* Exercise data *
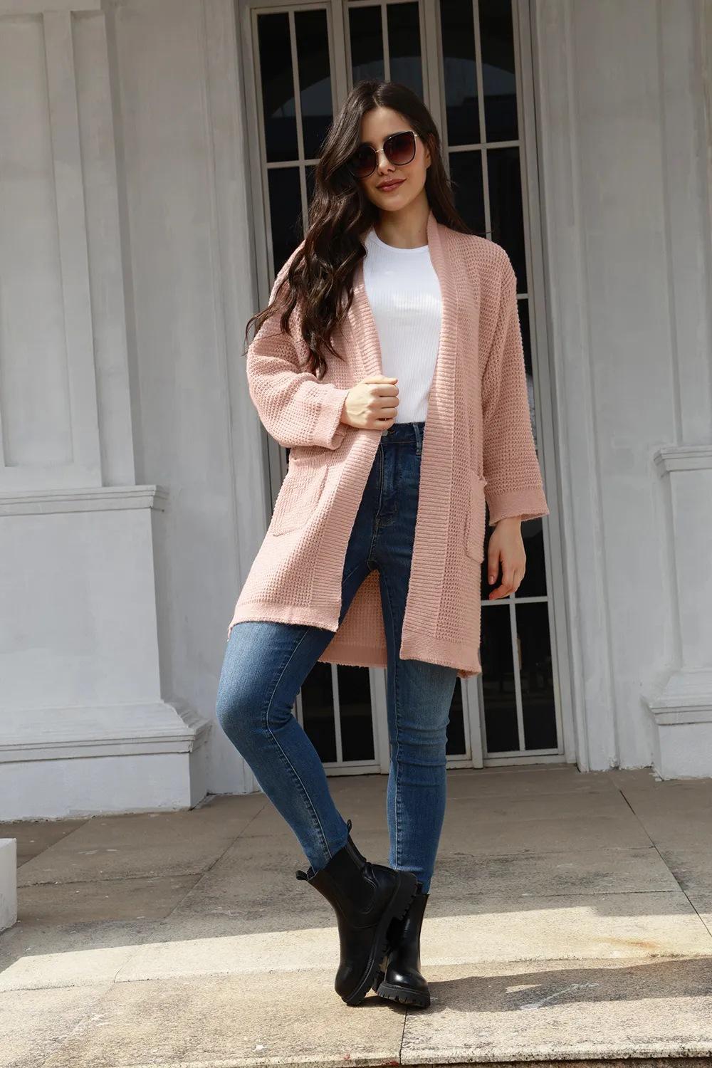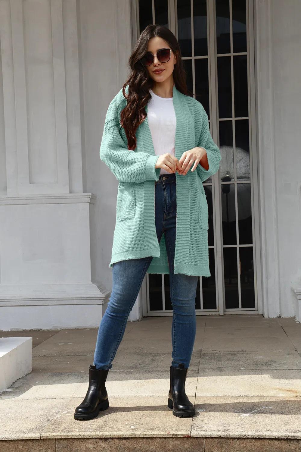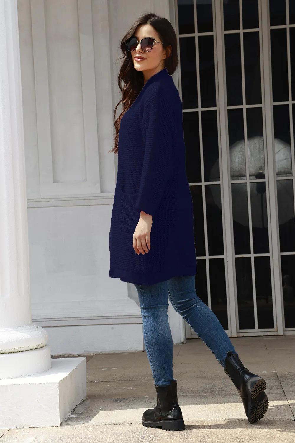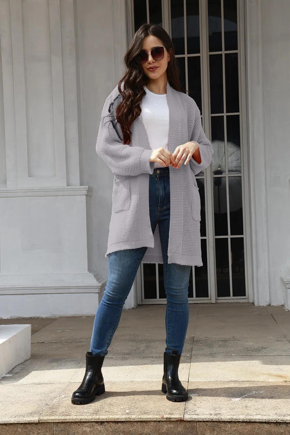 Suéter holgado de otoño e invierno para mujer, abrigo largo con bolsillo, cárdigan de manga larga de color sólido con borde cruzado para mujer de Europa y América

==

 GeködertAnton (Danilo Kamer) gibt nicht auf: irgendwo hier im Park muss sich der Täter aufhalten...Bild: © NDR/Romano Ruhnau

* * *

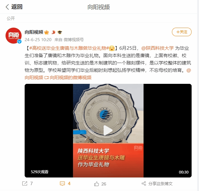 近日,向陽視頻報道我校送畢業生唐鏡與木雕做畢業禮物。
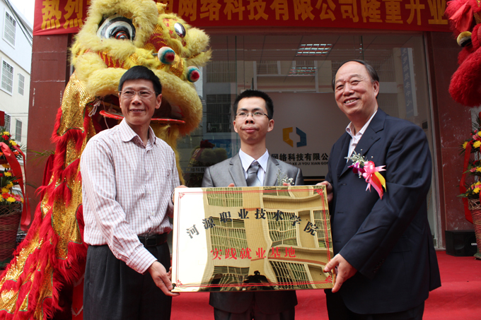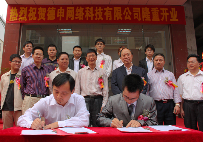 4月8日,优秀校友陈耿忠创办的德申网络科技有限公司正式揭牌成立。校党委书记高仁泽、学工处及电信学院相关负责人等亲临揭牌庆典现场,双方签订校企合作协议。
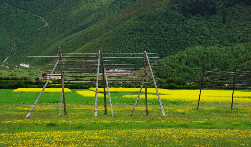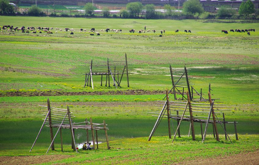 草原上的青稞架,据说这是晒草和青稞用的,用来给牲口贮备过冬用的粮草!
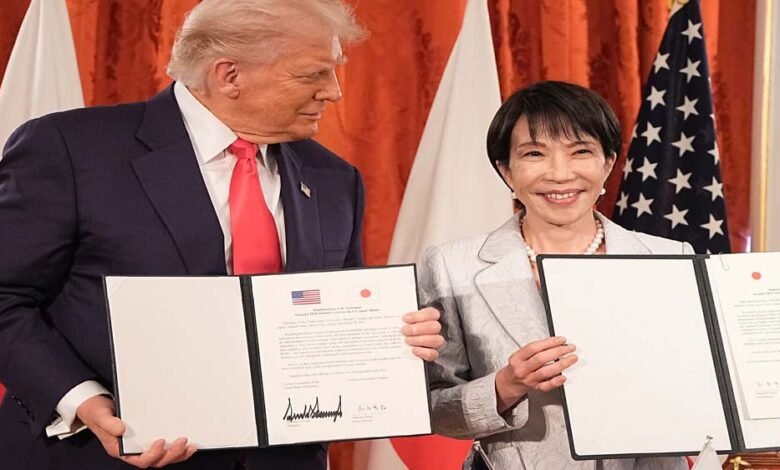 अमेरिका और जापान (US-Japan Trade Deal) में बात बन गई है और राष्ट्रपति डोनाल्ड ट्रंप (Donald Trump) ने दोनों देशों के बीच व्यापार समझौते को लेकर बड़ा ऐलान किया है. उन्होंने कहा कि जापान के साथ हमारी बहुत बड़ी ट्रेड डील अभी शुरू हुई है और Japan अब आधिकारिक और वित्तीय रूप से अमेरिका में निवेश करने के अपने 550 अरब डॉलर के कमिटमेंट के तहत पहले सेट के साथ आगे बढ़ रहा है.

* Exercise requirements *
Take the material above and output only the lines from the one that contains "4月8日,优秀校友陈耿忠创办" through the one that contains "अमेरिका और जापान", ends included and images left out.

* Answer *
 4月8日,优秀校友陈耿忠创办的德申网络科技有限公司正式揭牌成立。校党委书记高仁泽、学工处及电信学院相关负责人等亲临揭牌庆典现场,双方签订校企合作协议。
 草原上的青稞架,据说这是晒草和青稞用的,用来给牲口贮备过冬用的粮草!
 अमेरिका और जापान (US-Japan Trade Deal) में बात बन गई है और राष्ट्रपति डोनाल्ड ट्रंप (Donald Trump) ने दोनों देशों के बीच व्यापार समझौते को लेकर बड़ा ऐलान किया है. उन्होंने कहा कि जापान के साथ हमारी बहुत बड़ी ट्रेड डील अभी शुरू हुई है और Japan अब आधिकारिक और वित्तीय रूप से अमेरिका में निवेश करने के अपने 550 अरब डॉलर के कमिटमेंट के तहत पहले सेट के साथ आगे बढ़ रहा है.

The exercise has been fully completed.